Step 2 – Establishing Lower Leg Braces
Use the 32 inch 2x6 to create the lower leg braces. Place the 2x6 below the established 2x4 stretcher adjusting to the appropriate height for the edges to be flush. Secure with two 3 inch wood screws. If there is any excess length, secure the leg brace with screws and then trim with a radial saw.
Step 3 – Establishing Upper Leg Braces
Use the 16 inch 2x6 boards to create upper leg braces. Place the brace above the 2x4 stretcher adjusting the height of the brace to meet flush with the edges. Secure with two 3 inch wood screws. By establishing various heights of side braces, there are multiple heights to hang or support various boards while working on different projects.
Step 4 – Securing the Top Crossbar
Use the last 2x6 piece to secure across the top of the crossbar.
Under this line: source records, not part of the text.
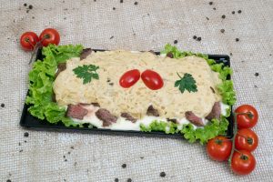 Carne bovina com molho na mostarda, acompanhado de um purê de couve flor.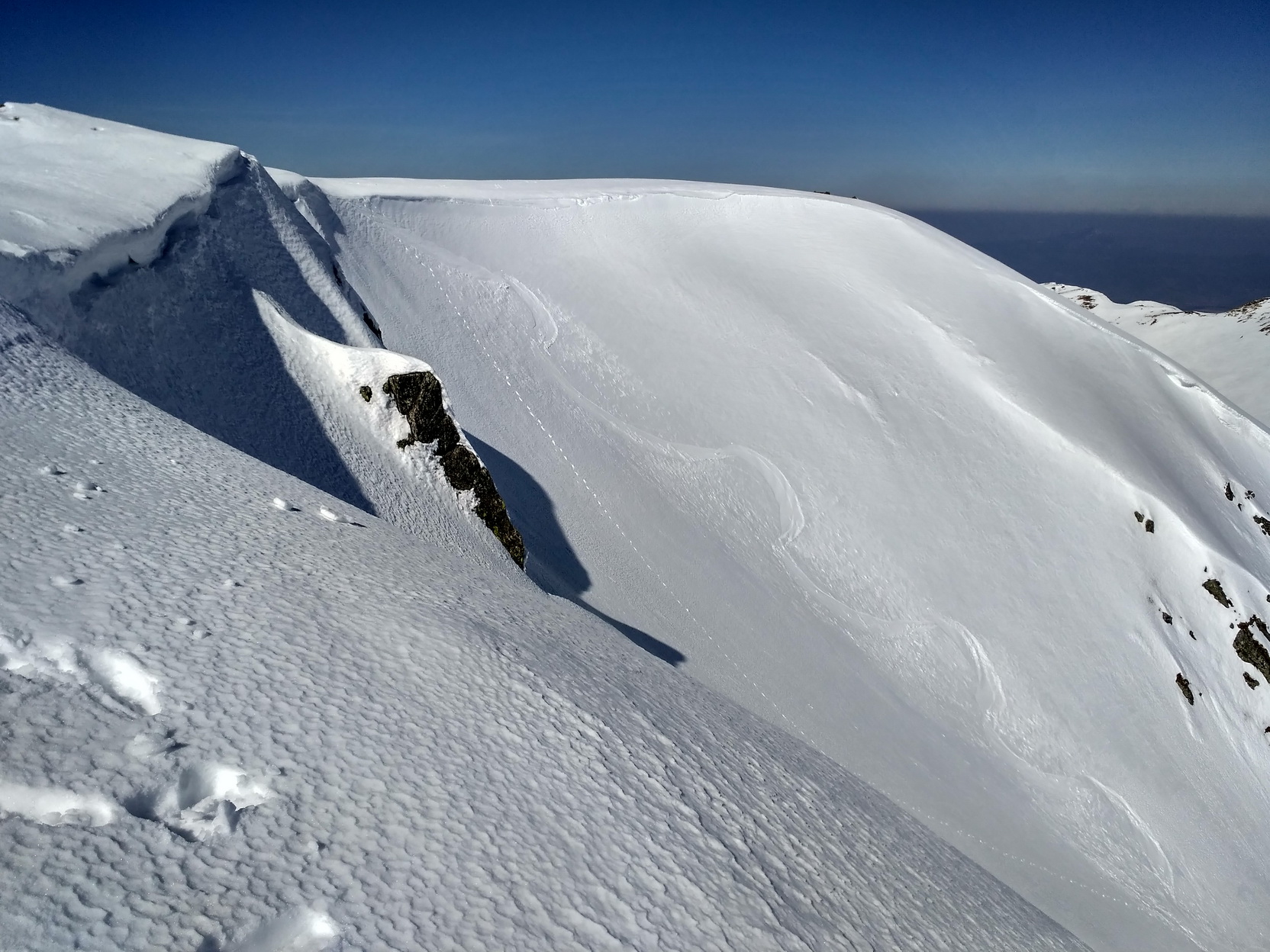 Z plochej vrcholovej pláne priamo cez stred okrajovej hrany do luxusnej mušle meniacej sa v žľiabok s jasným rozhraním ľadovo nedotknuteľného a vláčne pripraveného. Stále hlbšie a hlbšie, až k dolným priestrannejším partiám opatrne zľava obchádzajúc rizikové chladné miesto.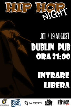 Joi, 19 august 2010, ora 21:00, la Dublin Pub din Iaşi are loc petrecerea „Hip-Hop Night„.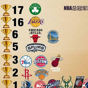 NBA球队总冠军排行榜:绿军第一LA第二 11队从未夺冠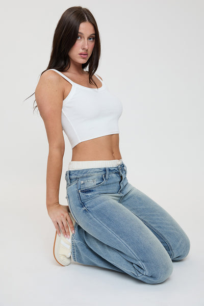 What sets these jeans apart is the removable boxer waist, adding a playful, layered look that can be customized to suit your style. Whether you keep the boxer waist for a trendy, layered vibe or remove it for a cleaner silhouette, these jeans offer flexibility and flair.
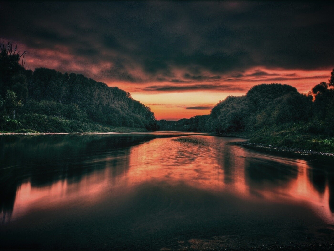 «Багровый закат и водная гладь»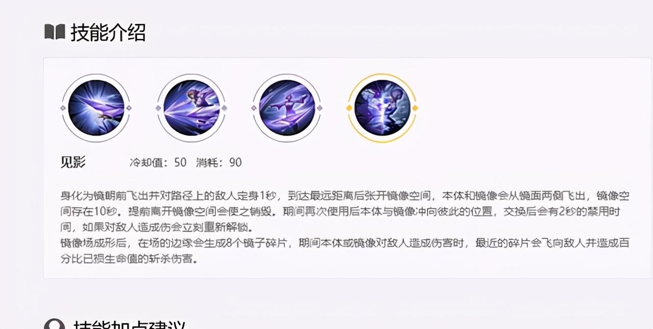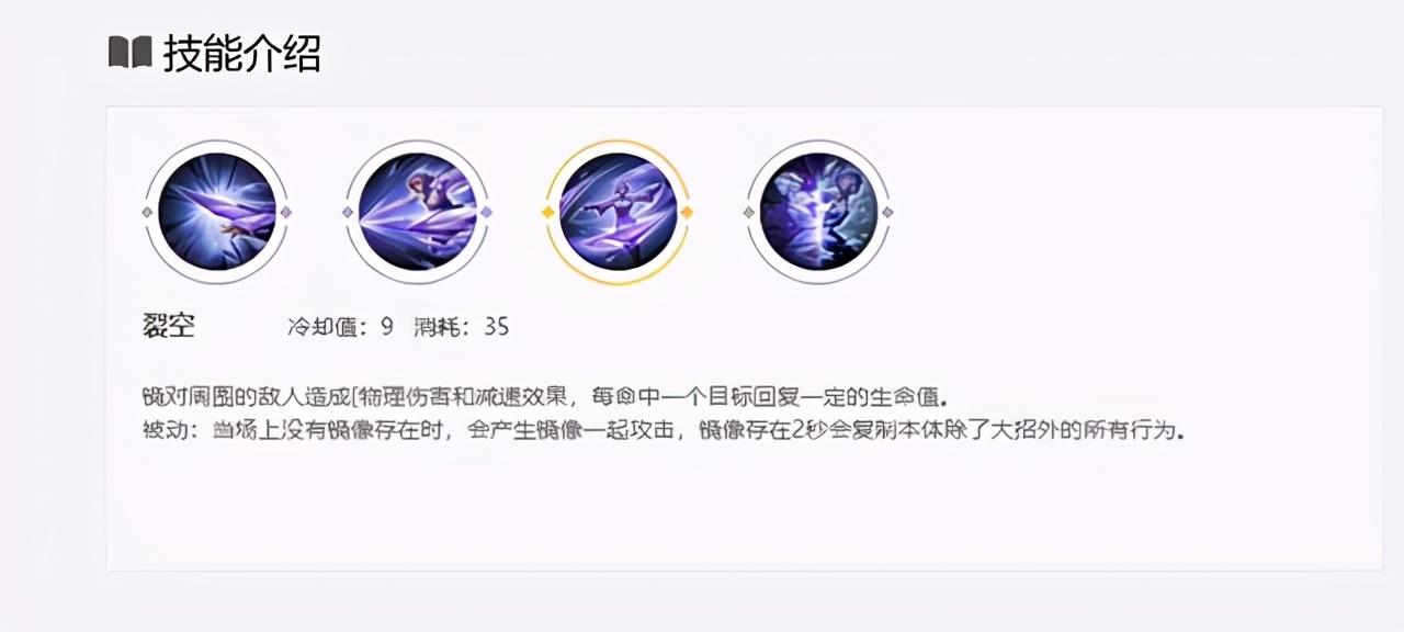 三技能:镜的三技能见影,向前冲刺,对敌人造成1秒钟定身敌人是动不了的在此期间本体和镜像会换位置。造成许多玩家的困扰,这只有张时间的实战才能慢慢的熟悉她。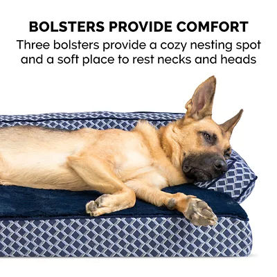 - Classic bolstered sofa design promotes ultimate comfort and security, providing high-loft orthopedic cushion support as well as a super cozy nestling and burrowing space for dogs and cats
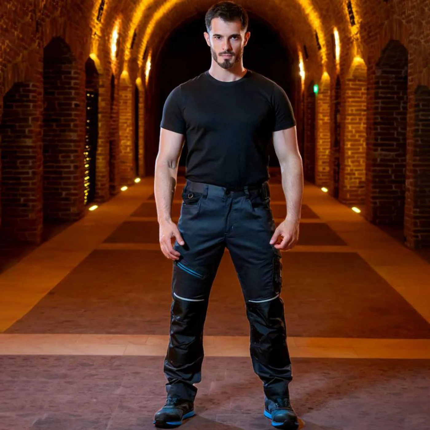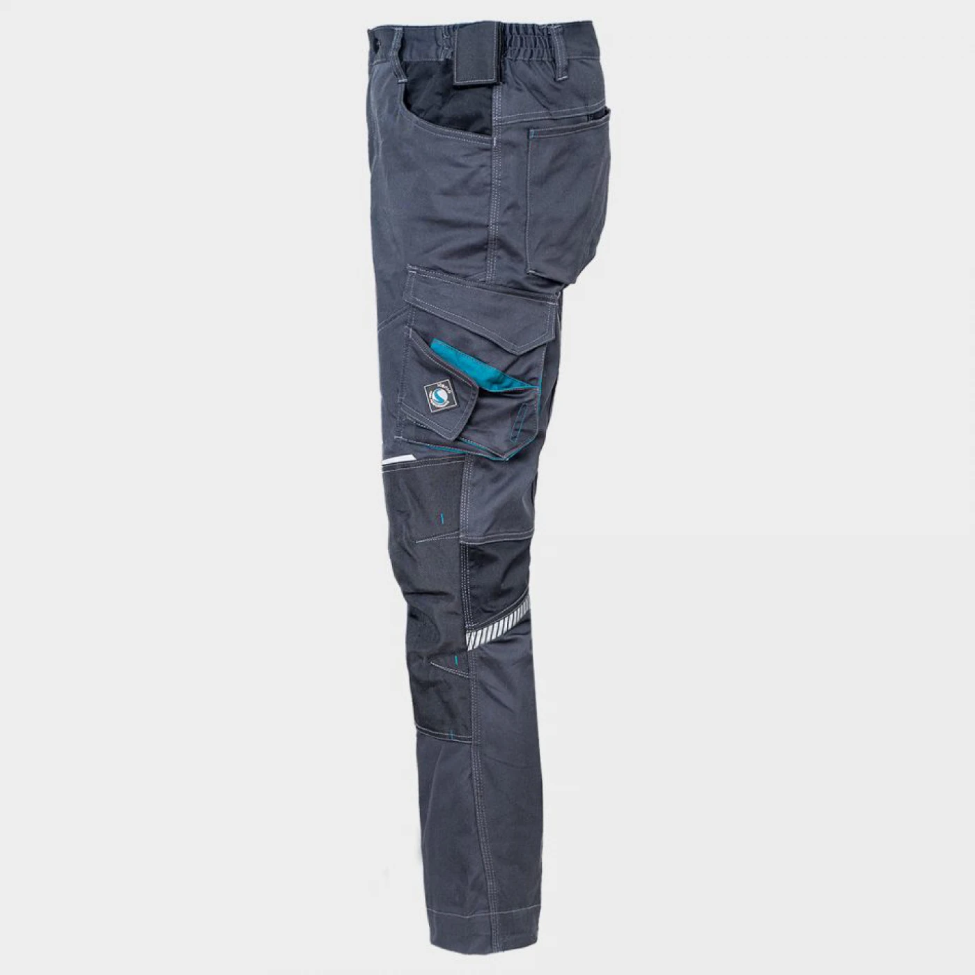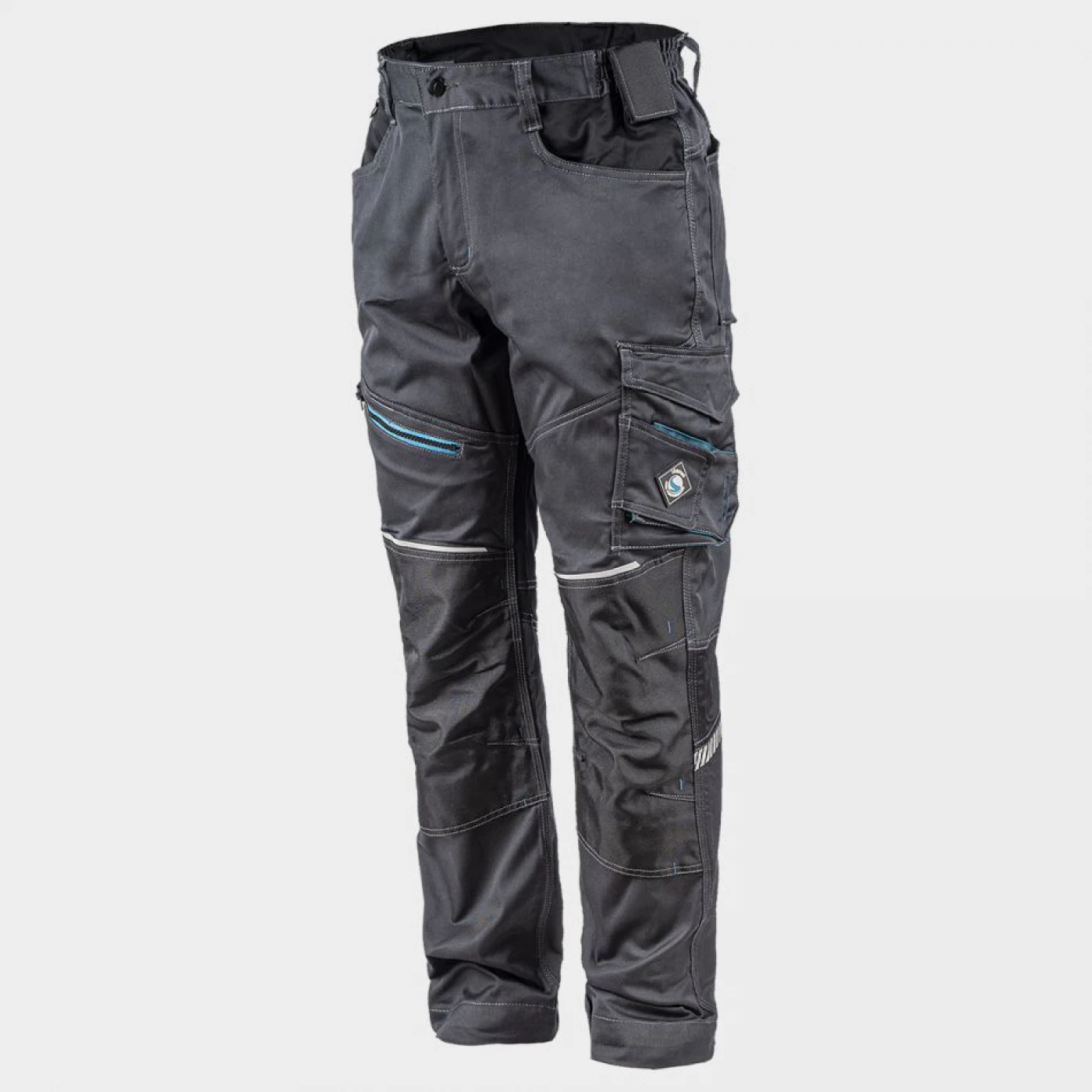 • pantaloni de lucru multifuncționali cu cusături triple și elasticitate buna;

Drill the board in place horizontally on top of the vertically oriented crossbar. Be sure to space screws approximately every 8 inches, being wary of the metal sawhorse bracket holding the legs in place.
If the sawhorses are meant to be permanent, counter sink all your wood screws and then cover with a dab of wood glue to seal them. The wood glue can also be used in between the boards before securing with screws. This added protection secures the screws from the elements and keep rusting to a minimum. Even with galvanized screws, the wood glue can greatly add to the life of your sawhorse. In addition, countersinking the screws will insure that the screws don't mar any delicate projects you may be working on. The glue can also help in the colder and hotter times of the year to combat the expansion and contraction of the wood.